EXERCISE PROMPT: When writing out the entries below, keep only the lines from the line with "Ювелирточка, салон по" to the line with "Camel bone, Sterling", both included, exactly as they are, and leave the pictures aside.
START INPUT DATA
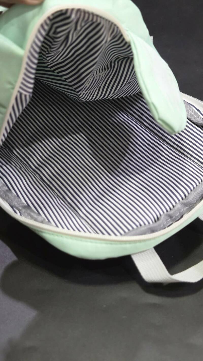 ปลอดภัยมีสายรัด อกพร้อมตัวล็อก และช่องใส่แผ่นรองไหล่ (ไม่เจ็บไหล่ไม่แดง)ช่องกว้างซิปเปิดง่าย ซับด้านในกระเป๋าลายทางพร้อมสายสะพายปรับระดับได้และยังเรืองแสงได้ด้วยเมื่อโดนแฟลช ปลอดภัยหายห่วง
END INPUT DATA
START INPUT DATA
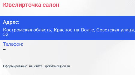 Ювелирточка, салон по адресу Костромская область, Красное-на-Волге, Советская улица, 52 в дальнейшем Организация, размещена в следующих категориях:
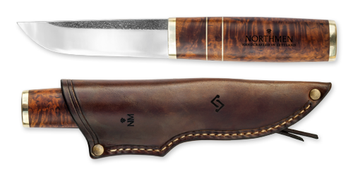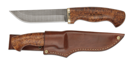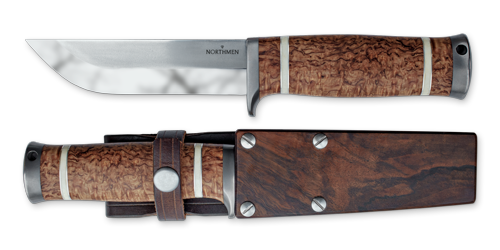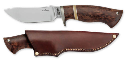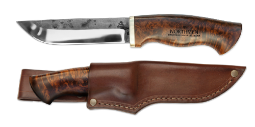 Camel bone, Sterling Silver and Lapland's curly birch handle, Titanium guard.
END INPUT DATA
COMPLETED EXERCISE:
 Ювелирточка, салон по адресу Костромская область, Красное-на-Волге, Советская улица, 52 в дальнейшем Организация, размещена в следующих категориях:
 Camel bone, Sterling Silver and Lapland's curly birch handle, Titanium guard.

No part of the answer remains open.